Christine Lagarde, presidenta del BCE. / afp

El BCE cuenta con «un manual de actuación» para reducir la inflación

Lagarde afirma que el organismo se toma «muy en serio» el alza de los precios, que serán siendo elevados en el corto plazo pero confía en que bajarán a lo largo de 2022

OLATZ HERNÁNDEZ

Europa cuenta con «un manual de actuación» para controlar la inflación. Así lo aseguró este martes la presidenta del Banco Central Europeo (BCE), Christine Lagarde, durante una ceremonia virtual con motivo del cambio de presidencia del Bundesbank, el Banco Federal Alemán. La fuerte subida de los precios de los combustibles, el gas y la electricidad ha disparado la inflación, que alcanzará su pico en 2022, al llegar al 3,2%, según predijo el BCE en diciembre. Con todo, el organismo confía en sus herramientas en materia de política monetaria y Lagarde aseguró que tienen claro «cuáles usar y cuándo usarlas».

La inflación es un elemento clave a la hora de que el BCE oriente sus políticas y mantiene el 2% como índice de referencia. En la última reunión de su Consejo de Gobierno, en diciembre de 2021, el BCE anunció que a finales de marzo pondría fin al Programa de Compras de Emergencia Pandémica. El principio del fin de los estímulos para reducir el impacto de la pandemia. Sin embargo, la covid-19 aún deja coletazos económicos: la variante ómicron ha reducido las previsiones de crecimiento para este año, persisten los problemas en la cadena de suministros y aún existe un desajuste entre la oferta y la demanda.

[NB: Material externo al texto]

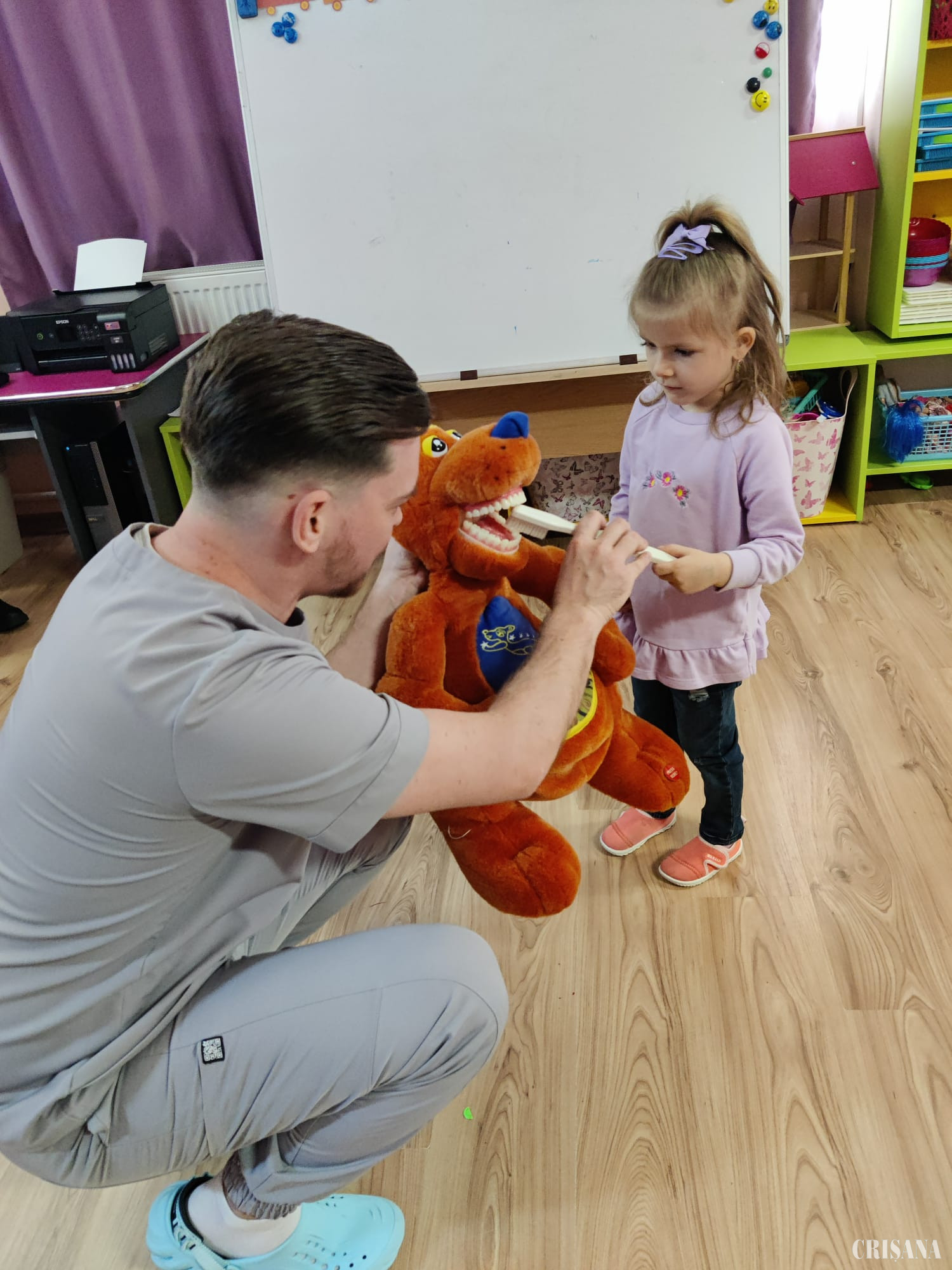 Miercuri – Stomatologul ne sfătuiește - a fost o zi dedicată igienei dinților. Cei mici, alături de doctorul stomatolog, Cata Laurențiu Adrian, au învățat despre alimentația sănătoasă, periajul corect al dințișorilor, precum și despre igiena dentară. Prichindeii au primit câte o diplomă, un tabel unde să bifeze de câte ori se spală pe dinți, precum și un lănțișor în formă de dinte, pe care îl pot folosi atunci când îi vizitează pentru prima oară Zâna Măseluță.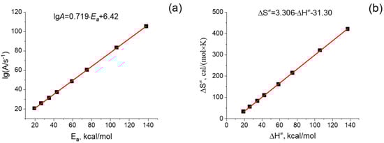 The Arrhenius parameters calculated using Equations (8) and (9) are shown in Figure 4a. The entropy and enthalpy of activation, presented in Figure 4b, were calculated according to Equations (A1) and (A2) in Appendix A. As seen in Figure 4, the calculated Arrhenius parameters vary within very broad intervals, e.g., the activation energy (Ea) values lie between 20 and 140 kcal/mol, and the pre-exponential factors (A) between 1021 and 10105 s−1. Figure 4 demonstrates the very consistent EEC effect in a row of dimers of varied lengths.
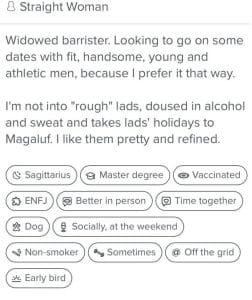 ‘Joyce’, heeft op haar profiel beschreven alleen interesse te hebben in nette mannen.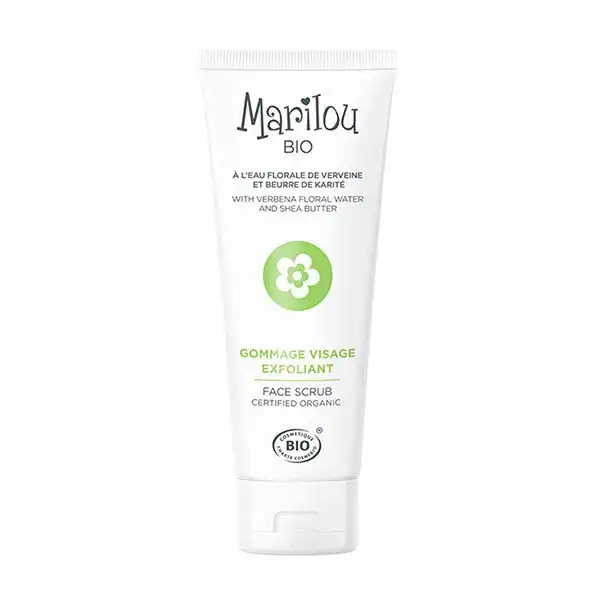 Este exfoliante facial orgánico muy suave de Marilou Bio ayuda a la piel a eliminar las células muertas, eliminar los puntos negros y regenerarse más fácilmente.Su fórmula contiene un extracto vigorizante de Verbena, aceite de sésamo con propiedades regeneradoras, manteca de karité reconocida por su poder nutritivo asà como granos exfoliantes muy ligeros de origen mineral para exfoliar suavemente la piel.Con una textura cremosa ultrasuave, se convertirá rápidamente en una parte esencial de su rutina facial para refinar la textura de tu piel y devolverle el brillo al cutis.BENEFICIOS Exfolia suavemente Ayuda a la piel a eliminar las células muertas. Ayuda a la piel a regenerarse Refina la textura de la piel Restaura el brillo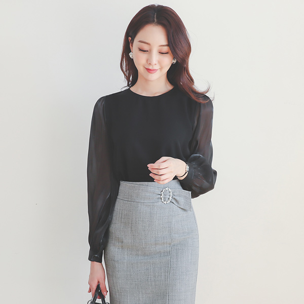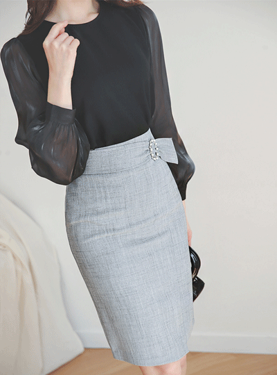 Pearl-Deco Belted Unbalance Slim Skirt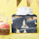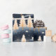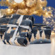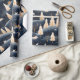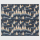 This wrapping paper features a serene winter landscape—dusty blue snow blanketing the earth, glowing white pine trees stretching towards a twilight sky, charming gold houses twinkling with the promise of warmth, and a lone white dog meandering through the scene as if on a magical journey.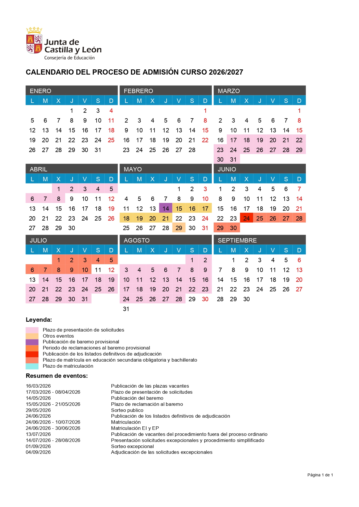 CALENDARIO DE ADMISIÓN CURSO 2026-2027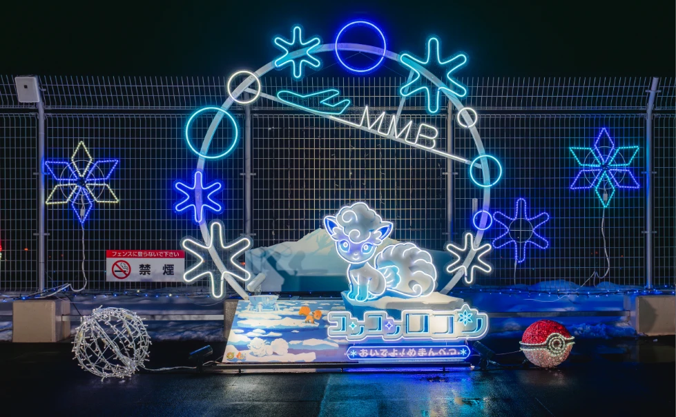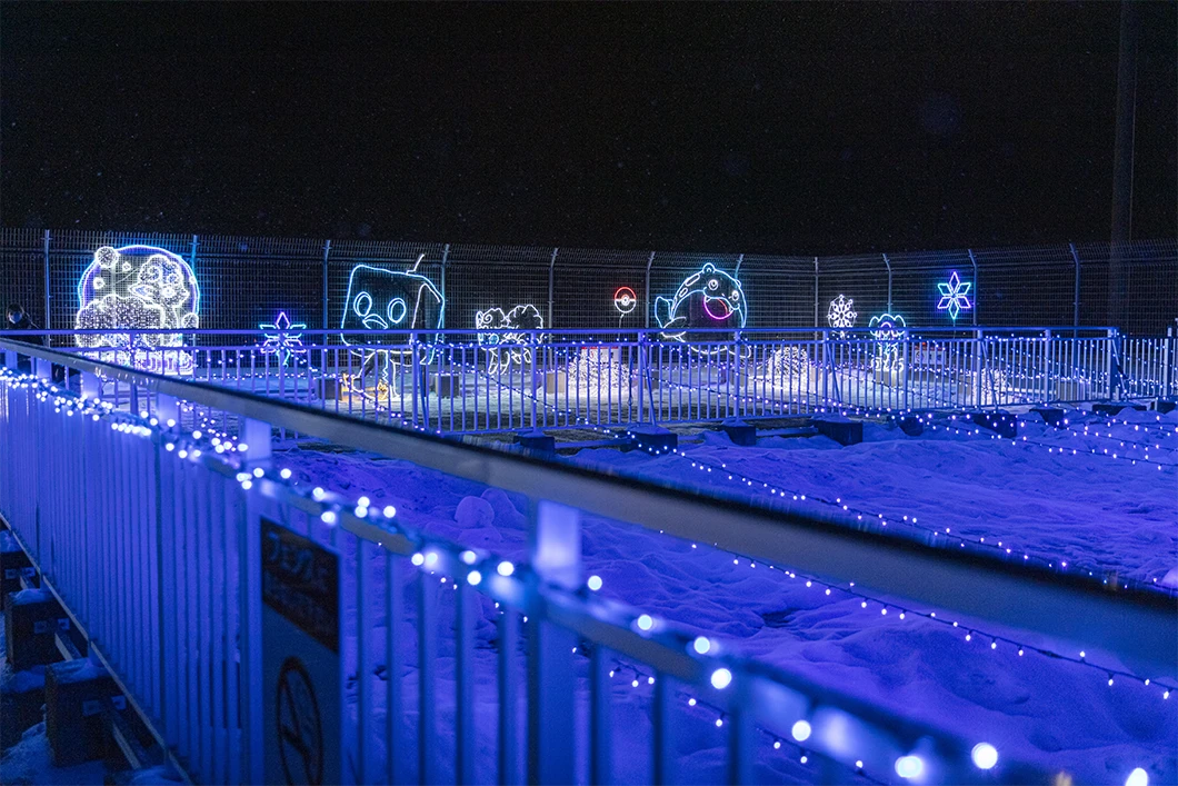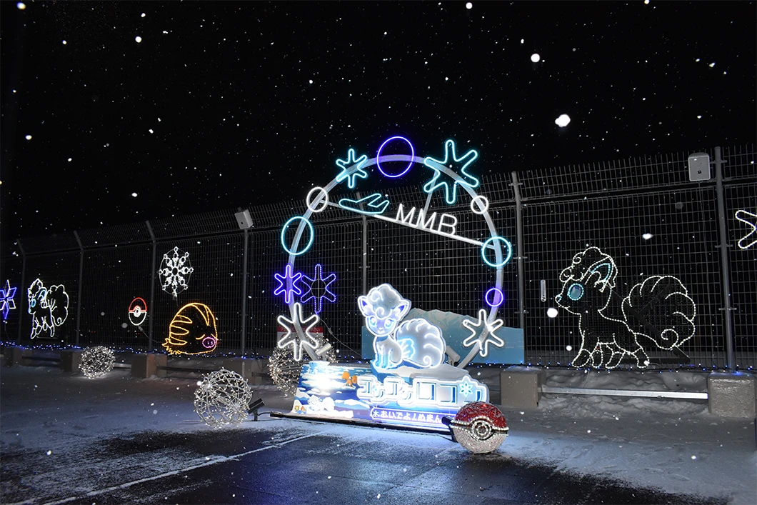 道の駅「メルヘンの丘めまんべつ」では、ロコンやアローラロコンに加え、道内のポケふたにデザインされた「こおりタイプ」のポケモンたちのイルミネーションもご覧いただけます!

Así las cosas, Lagarde reiteró el compromiso del BCE con la estabilidad de los precios, pero restó importancia a la «fase» de inflación actual. «Entendemos que la subida de los precios preocupe a la ciudadanía y nos tomamos esta cuestión muy en serio, pero pueden confiar en que nuestro compromiso a la estabilidad de los precios es inquebrantable». Esa confianza -dijo- «es clave» de cara a las expectativas de inflación y a la confianza en el euro.

Bajada en 2023

El BCE se mantiene, por tanto, firme en su objetivo de reducir la inflación al 2%, un objetivo que es «simple y simétrico», según Lagarde. El organismo tiene «unas reglas sobre cómo reaccionar cuando la inflación se desvía en cualquiera de las dos direcciones y tenemos claro cuándo usar nuestras herramientas», aseguró. Del mismo modo, la presidenta del BCE adelantó que la inflación seguirá siendo elevada a corto plazo, pero que espera que baje a lo largo del próximo año.

En ese camino será clave -precisó- la revisión que el BCE llevó a cabo el año pasado de sus estrategias. «Serán un primer paso para abordar retos a largo plazo que comprometan la estabilidad de los precios en un mundo cada vez más cambiante», destacó. El Bundesbank, que ahora lidera el recién nombrado Joachim Nagel, también tendrá un papel destacado en las políticas monetarias del BCE. «La fuerza del sistema europeo –añadió Lagarde– reside en la manera que tenemos de unir diferentes perspectivas y formar consensos». Un proceso que «asegura que nuestras decisiones son robustas».